Assigned task
In the data below, begin at the line with "UNE CONVERSATION = UNE" and stop after the line with "4. Sie können"; output those lines exactly and no pictures.

Exercise data
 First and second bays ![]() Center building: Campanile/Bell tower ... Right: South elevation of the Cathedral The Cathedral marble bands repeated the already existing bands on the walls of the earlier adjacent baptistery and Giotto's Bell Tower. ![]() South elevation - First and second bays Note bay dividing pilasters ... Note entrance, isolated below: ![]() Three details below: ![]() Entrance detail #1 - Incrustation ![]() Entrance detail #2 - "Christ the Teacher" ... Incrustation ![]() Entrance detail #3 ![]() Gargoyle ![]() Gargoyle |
* * *
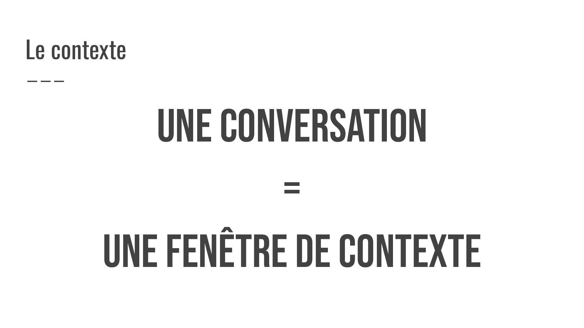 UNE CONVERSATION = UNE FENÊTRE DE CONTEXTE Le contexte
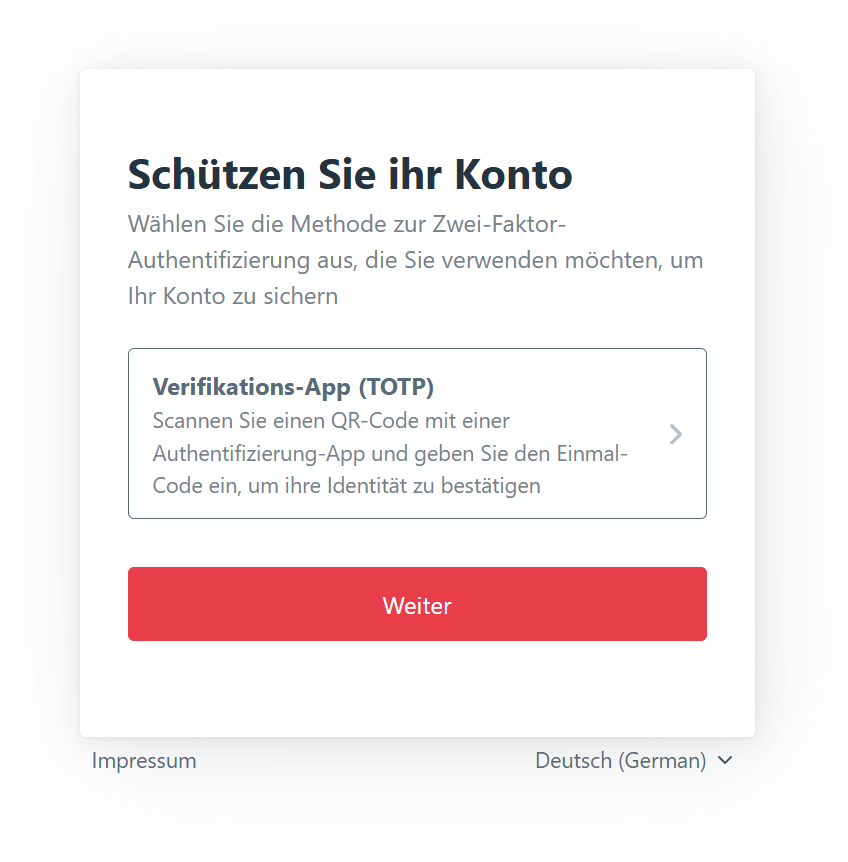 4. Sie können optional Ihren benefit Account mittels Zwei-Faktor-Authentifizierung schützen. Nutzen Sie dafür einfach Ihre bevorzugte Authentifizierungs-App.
...
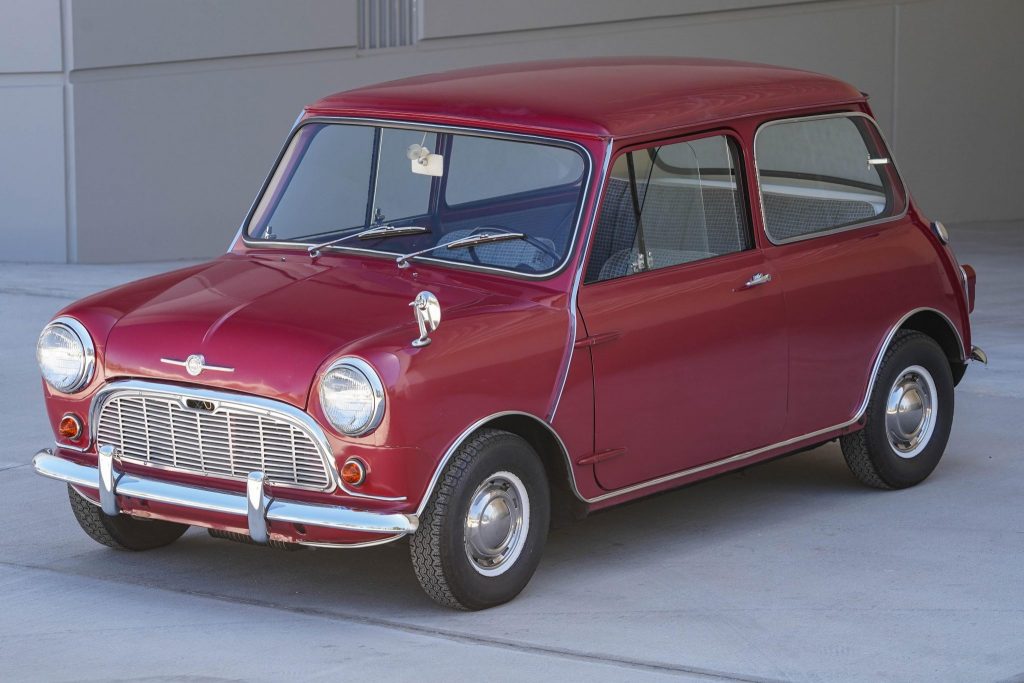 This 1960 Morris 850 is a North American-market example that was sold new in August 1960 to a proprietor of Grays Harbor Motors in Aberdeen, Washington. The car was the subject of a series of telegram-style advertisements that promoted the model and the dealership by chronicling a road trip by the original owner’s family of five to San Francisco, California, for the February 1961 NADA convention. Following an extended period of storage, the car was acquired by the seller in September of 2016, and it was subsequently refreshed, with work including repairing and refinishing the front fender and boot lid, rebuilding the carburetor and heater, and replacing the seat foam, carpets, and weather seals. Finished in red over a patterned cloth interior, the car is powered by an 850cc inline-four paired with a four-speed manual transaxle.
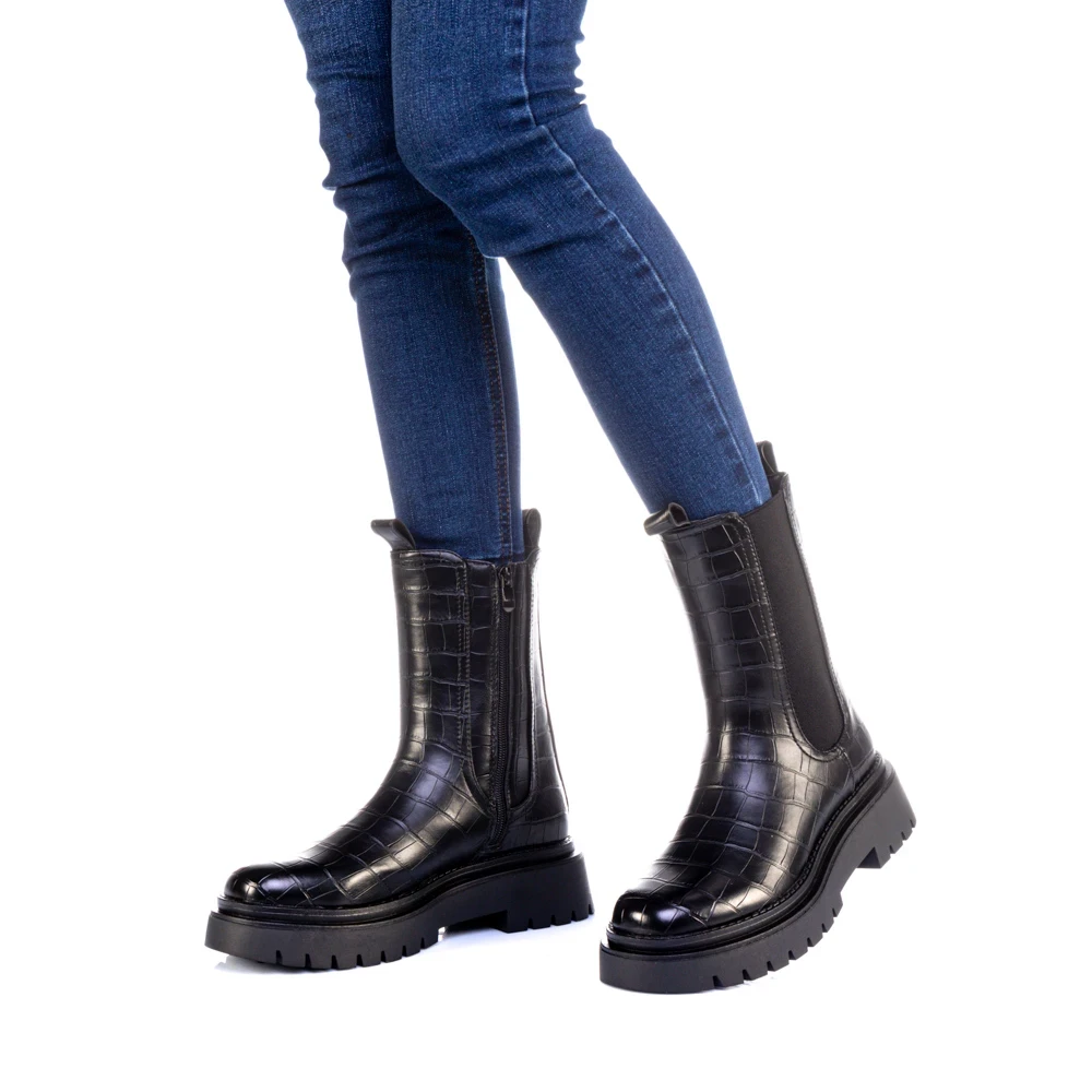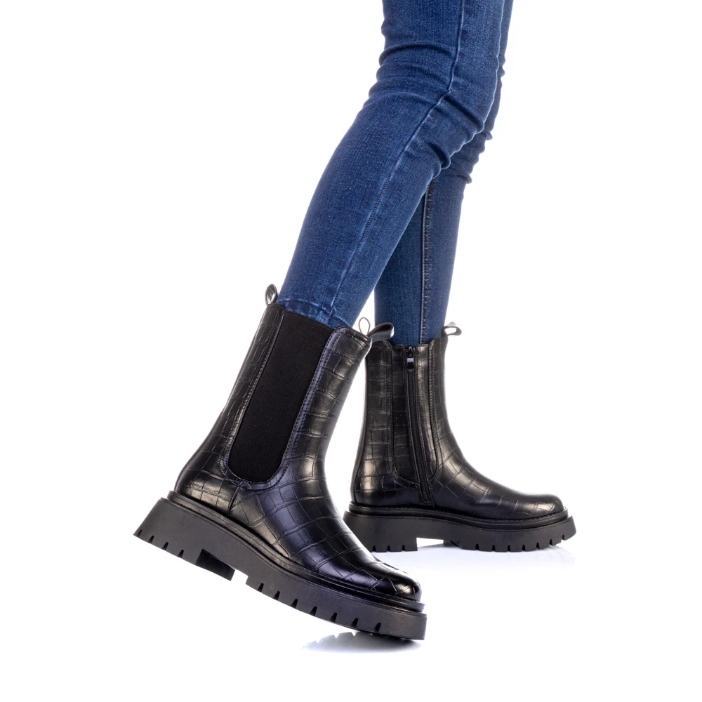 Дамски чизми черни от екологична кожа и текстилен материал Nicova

Answer area
 UNE CONVERSATION = UNE FENÊTRE DE CONTEXTE Le contexte
 4. Sie können optional Ihren benefit Account mittels Zwei-Faktor-Authentifizierung schützen. Nutzen Sie dafür einfach Ihre bevorzugte Authentifizierungs-App.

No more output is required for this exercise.